• [Information]:
---*---
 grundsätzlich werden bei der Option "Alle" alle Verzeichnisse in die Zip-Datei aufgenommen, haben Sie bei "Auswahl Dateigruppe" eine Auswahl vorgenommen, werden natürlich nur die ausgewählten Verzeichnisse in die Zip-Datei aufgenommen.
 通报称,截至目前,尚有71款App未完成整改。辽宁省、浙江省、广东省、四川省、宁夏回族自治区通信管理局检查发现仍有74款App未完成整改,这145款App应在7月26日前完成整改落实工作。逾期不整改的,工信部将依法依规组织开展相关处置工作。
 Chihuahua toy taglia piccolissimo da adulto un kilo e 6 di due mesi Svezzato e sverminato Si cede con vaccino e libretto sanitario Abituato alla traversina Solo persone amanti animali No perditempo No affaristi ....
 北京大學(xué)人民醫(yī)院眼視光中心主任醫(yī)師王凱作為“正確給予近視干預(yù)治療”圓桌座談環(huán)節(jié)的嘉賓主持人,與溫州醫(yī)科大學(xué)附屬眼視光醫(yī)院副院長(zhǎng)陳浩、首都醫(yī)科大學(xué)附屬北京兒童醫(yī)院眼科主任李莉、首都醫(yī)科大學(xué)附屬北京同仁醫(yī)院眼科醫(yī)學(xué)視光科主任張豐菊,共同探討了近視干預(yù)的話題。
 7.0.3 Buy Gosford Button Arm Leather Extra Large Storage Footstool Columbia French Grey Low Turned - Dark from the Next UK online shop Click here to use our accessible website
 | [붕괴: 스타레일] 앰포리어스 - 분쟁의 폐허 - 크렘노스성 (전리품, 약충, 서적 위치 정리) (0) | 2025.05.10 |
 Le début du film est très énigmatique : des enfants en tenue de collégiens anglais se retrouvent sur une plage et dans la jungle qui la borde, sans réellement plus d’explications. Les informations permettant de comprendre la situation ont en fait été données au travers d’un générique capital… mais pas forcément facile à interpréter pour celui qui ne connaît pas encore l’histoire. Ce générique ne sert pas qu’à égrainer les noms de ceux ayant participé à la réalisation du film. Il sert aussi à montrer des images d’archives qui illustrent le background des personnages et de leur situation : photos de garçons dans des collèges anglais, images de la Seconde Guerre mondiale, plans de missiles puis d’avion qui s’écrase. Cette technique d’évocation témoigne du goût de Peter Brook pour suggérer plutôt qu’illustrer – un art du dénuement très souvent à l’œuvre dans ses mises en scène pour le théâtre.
---*---
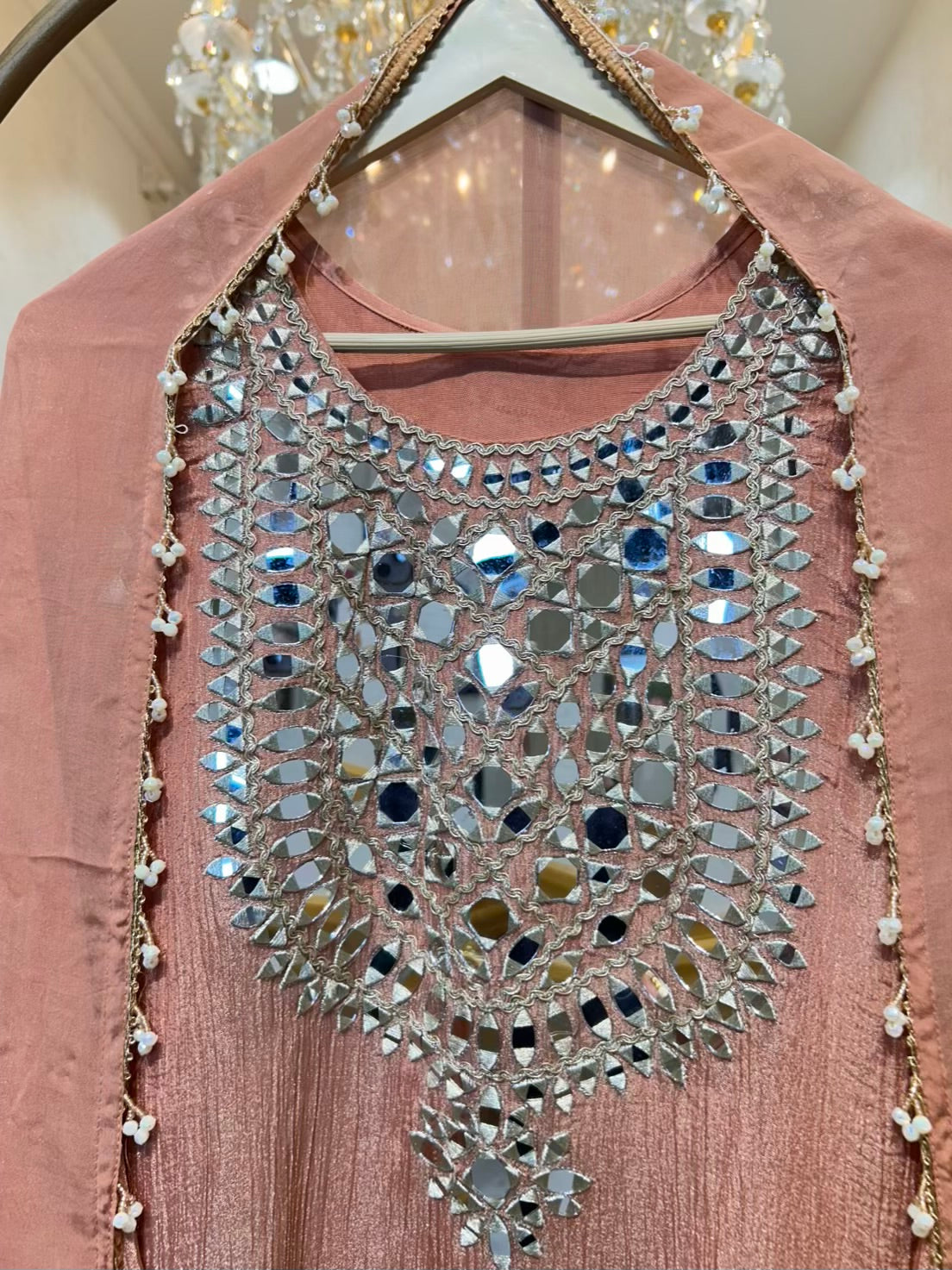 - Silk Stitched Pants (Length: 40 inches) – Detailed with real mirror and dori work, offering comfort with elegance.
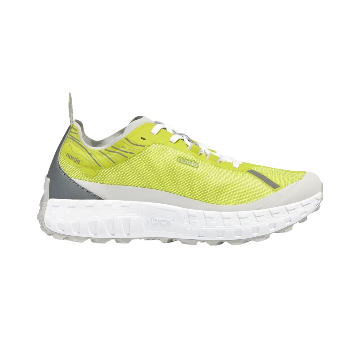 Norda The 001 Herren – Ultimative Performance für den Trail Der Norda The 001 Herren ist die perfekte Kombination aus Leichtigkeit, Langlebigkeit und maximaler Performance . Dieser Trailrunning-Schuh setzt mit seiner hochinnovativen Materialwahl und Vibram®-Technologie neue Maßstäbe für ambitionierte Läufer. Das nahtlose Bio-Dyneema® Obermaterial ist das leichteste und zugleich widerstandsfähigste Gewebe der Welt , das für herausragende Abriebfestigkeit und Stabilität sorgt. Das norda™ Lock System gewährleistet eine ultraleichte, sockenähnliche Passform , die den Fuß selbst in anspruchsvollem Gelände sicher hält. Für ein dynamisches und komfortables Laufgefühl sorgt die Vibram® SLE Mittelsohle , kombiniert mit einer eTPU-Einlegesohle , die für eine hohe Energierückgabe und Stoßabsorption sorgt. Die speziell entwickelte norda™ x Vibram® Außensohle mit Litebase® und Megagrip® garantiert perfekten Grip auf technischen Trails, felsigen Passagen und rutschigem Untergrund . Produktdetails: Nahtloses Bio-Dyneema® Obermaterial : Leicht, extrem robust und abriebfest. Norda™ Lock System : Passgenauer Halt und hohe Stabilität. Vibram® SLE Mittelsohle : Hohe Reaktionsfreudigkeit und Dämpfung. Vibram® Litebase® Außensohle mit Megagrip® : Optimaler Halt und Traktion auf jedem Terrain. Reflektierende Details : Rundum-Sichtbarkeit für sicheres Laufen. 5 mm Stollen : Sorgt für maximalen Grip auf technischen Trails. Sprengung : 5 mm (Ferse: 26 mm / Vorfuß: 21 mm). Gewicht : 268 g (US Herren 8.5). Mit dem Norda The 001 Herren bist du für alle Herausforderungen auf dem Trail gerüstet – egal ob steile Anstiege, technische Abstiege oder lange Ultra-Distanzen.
---*---
• [Prompt]:
Using the data above, extract exactly the lines from the one that holds "北京大學(xué)人民醫(y" to the one that holds "Le début du", both ends included, and no others.

• [Written solution]:
 北京大學(xué)人民醫(yī)院眼視光中心主任醫(yī)師王凱作為“正確給予近視干預(yù)治療”圓桌座談環(huán)節(jié)的嘉賓主持人,與溫州醫(yī)科大學(xué)附屬眼視光醫(yī)院副院長(zhǎng)陳浩、首都醫(yī)科大學(xué)附屬北京兒童醫(yī)院眼科主任李莉、首都醫(yī)科大學(xué)附屬北京同仁醫(yī)院眼科醫(yī)學(xué)視光科主任張豐菊,共同探討了近視干預(yù)的話題。
 7.0.3 Buy Gosford Button Arm Leather Extra Large Storage Footstool Columbia French Grey Low Turned - Dark from the Next UK online shop Click here to use our accessible website
 | [붕괴: 스타레일] 앰포리어스 - 분쟁의 폐허 - 크렘노스성 (전리품, 약충, 서적 위치 정리) (0) | 2025.05.10 |
 Le début du film est très énigmatique : des enfants en tenue de collégiens anglais se retrouvent sur une plage et dans la jungle qui la borde, sans réellement plus d’explications. Les informations permettant de comprendre la situation ont en fait été données au travers d’un générique capital… mais pas forcément facile à interpréter pour celui qui ne connaît pas encore l’histoire. Ce générique ne sert pas qu’à égrainer les noms de ceux ayant participé à la réalisation du film. Il sert aussi à montrer des images d’archives qui illustrent le background des personnages et de leur situation : photos de garçons dans des collèges anglais, images de la Seconde Guerre mondiale, plans de missiles puis d’avion qui s’écrase. Cette technique d’évocation témoigne du goût de Peter Brook pour suggérer plutôt qu’illustrer – un art du dénuement très souvent à l’œuvre dans ses mises en scène pour le théâtre.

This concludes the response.